Nous revenons maintenant sur le pont des Soupirs.
Foscari avait été enchaîné sur la chaise de pierre où neuf ans auparavant il avait fait enchaîner le doge Candiano pour lui infliger l’horrible supplice de l’aveuglement.
Mais même à ce moment il n’avait pas abdiqué son orgueil.
Son regard, empreint d’une sauvage expression de haine, se fixait sur Candiano.
Ce masque de sérénité majestueuse dont pendant si longtemps il avait recouvert sa physionomie, ce masque était tombé.
Maintenant qu’il n’était plus besoin de dissimuler, son âpre nature d’ambition forcenée apparaissait en relief.
L’orgueil dominait dans ses traits fortement accentués.
Son œil d’aigle ne se baissa pas sous le regard de Roland.
Et il y avait dans l’attitude du doge vaincu, enchaîné, une grandeur farouche qu’elle n’avait jamais eue tandis qu’il exerçait à Venise la puissance royale.
Mais l’attitude de Roland, dans sa simplicité forte et sereine, dominait encore celle de Foscari.
Le juge et l’accusé étaient dignes l’un de l’autre.
« Foscari, dit Roland, les paroles seraient vaines. Je représente ici un homme que, pour satisfaire votre soif de despotisme, vous avez brisé en plein bonheur. Je suis ici le fils de Candiano saisi par vous, aveuglé par vous, jeté par vous, seul, pauvre, sur une route solitaire, condamné par vous à la misère, poussé par vous à la folie. Comprenez-moi : Je ne suis pas un tribunal. Je suis un fils. Qu’avez-vous à dire ?
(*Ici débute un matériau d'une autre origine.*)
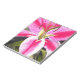 com design original da pintura aquosa do artista Sacha Grossel, de flor lírio rosa quente, em estilo macro próximo. Esta pop botânica inspirou um design floral brilhante e colorido com pétalas cor-de-rosa intensas e fundo verde.
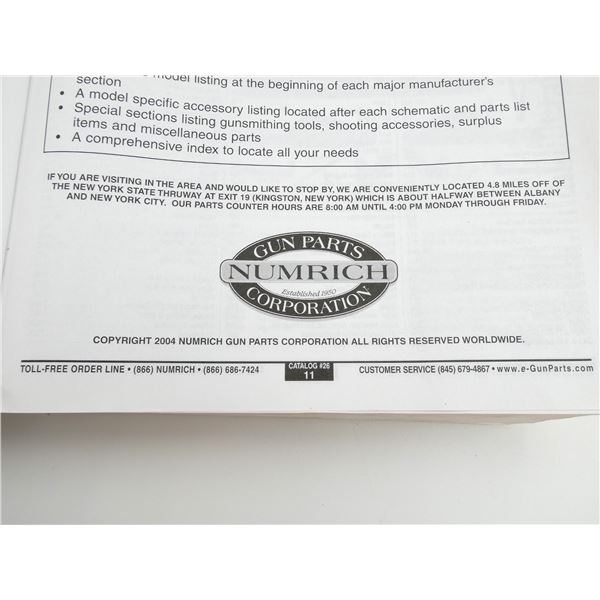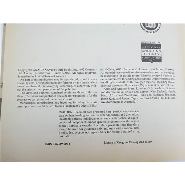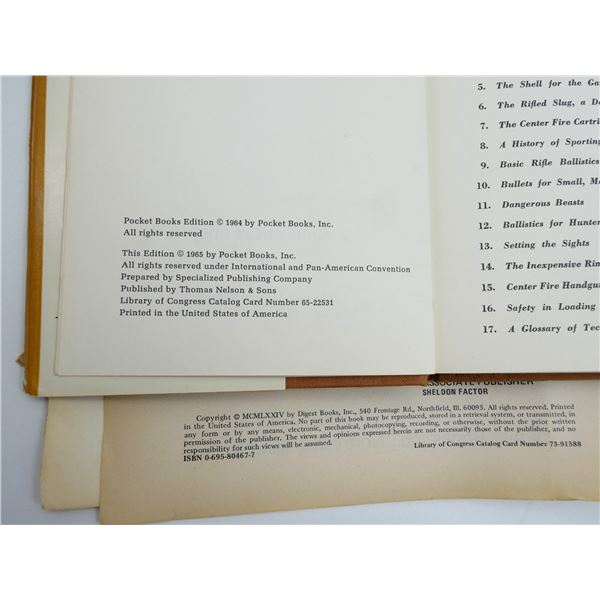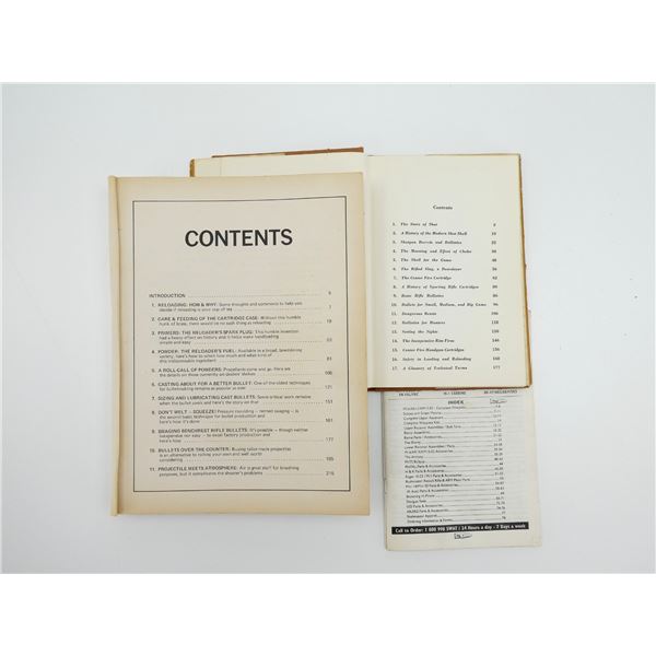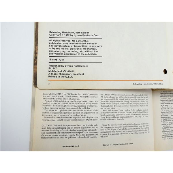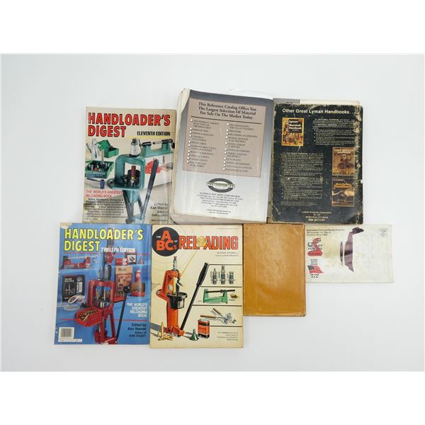 LOT INCLUDES; (1) "NUMRICH GUN PARTS CORPORATION, FIREARMS PARTS CATALOG #26" BOOK, SOFT COVER, (1) "HANDLOADER'S DIGEST" BOOK EDITED BY KEN WARNER, ELEVENTH EDITION, SOFT COVER, ISBN: 0-87349-009-6, (1) "HANDLOADER'S DIGEST" BOOK EDITED BY KEN WARNER, TWELFTH EDITION, SOFT COVER, ISBN: 0-87349-104-1, (1) "LYMAN RELOADING HANDBOOK" BOOK EDITED BY C. KENNETH RAMAGE, 46TH EDITION, SOFT COVER, COPYRIGHT 1982, (1) "THE ABC'S OF RELOADING" BOOK BY DEAN GRENNELL, SOFT COVER, ISBN: 0-695-80467-7, (1) "QUALITY PARTS CO. / BUSHMASTER" CATALOG, VOLUME XII SPRING / SUMMER '95, SOFT COVER & (1) "THE WINCHESTER - WESTERN AMMUNITION HANDBOOK" BOOK, HARD COVER, 1965. SEE PHOTOS.

– Que vous faites bien de venger votre père, dit Foscari.
– Foscari, je vous hais, en effet, comme l’homme qui a fait le malheur d’un vieillard inoffensif… Ma volonté est de vous faire souffrir ce que mon père a souffert pour vous…
« Foscari, regardez-moi bien. C’est mon visage que vous verrez dans la nuit de vos remords… Foscari, dans quelques instants, vous ne verrez plus. Car vous allez être aveuglé comme le fut mon père, jeté sur une route solitaire comme le fut mon père, livré à la risée et à la mendicité comme le fut mon père !… »
Foscari eut un long frisson.
Une seconde, cette âme s’amollit.
Mais il retrouva aussitôt son orgueil et leva sur Roland un regard clair, empli de haine.
Les yeux de Roland flamboyèrent.
Il fit un signe.
Un homme s’approcha…
« Le bourreau ! murmura Foscari. Adieu, lumière du jour !… »
À ce moment, un grand cri retentit à l’entrée du pont, les hommes qui entouraient Roland s’écartèrent, et un vieillard soutenu par un colosse, le vieux doge Candiano guidé par Scalabrino, apparut, les mains tendues, frémissant, et si terrible dans son émotion, avec des accents si déchirants que tous ces rudes montagnards tremblèrent et se prirent à pleurer.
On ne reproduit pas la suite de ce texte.